WORK ITEM >> Among the entries that follow, the required portion opens with the line containing "Wohltuende Berührung der" and closes with the line containing "普通救命講習会・安全教育実施". Give that portion again exactly, and nothing else.

SOURCE RECORDS >>
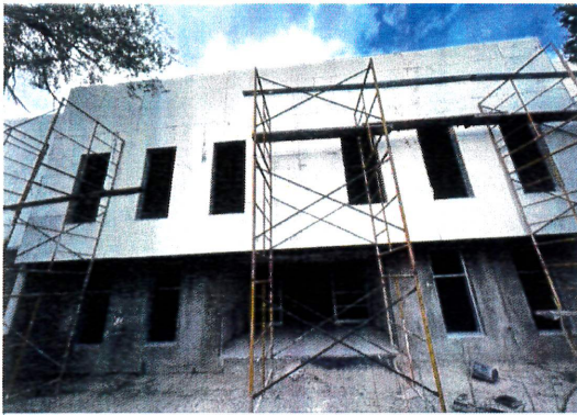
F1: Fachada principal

...

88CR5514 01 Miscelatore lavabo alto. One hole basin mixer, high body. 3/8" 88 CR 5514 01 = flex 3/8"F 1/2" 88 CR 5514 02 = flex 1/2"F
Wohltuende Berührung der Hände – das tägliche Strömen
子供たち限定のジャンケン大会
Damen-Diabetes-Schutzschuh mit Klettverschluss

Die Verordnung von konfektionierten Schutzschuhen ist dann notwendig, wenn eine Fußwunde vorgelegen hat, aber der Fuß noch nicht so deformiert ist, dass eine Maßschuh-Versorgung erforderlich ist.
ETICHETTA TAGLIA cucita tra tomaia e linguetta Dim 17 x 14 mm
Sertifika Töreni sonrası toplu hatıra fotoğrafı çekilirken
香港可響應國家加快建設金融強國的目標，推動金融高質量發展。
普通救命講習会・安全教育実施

SOLVED EXERCISE >>
Wohltuende Berührung der Hände – das tägliche Strömen
子供たち限定のジャンケン大会
Damen-Diabetes-Schutzschuh mit Klettverschluss

Die Verordnung von konfektionierten Schutzschuhen ist dann notwendig, wenn eine Fußwunde vorgelegen hat, aber der Fuß noch nicht so deformiert ist, dass eine Maßschuh-Versorgung erforderlich ist.
ETICHETTA TAGLIA cucita tra tomaia e linguetta Dim 17 x 14 mm
Sertifika Töreni sonrası toplu hatıra fotoğrafı çekilirken
香港可響應國家加快建設金融強國的目標，推動金融高質量發展。
普通救命講習会・安全教育実施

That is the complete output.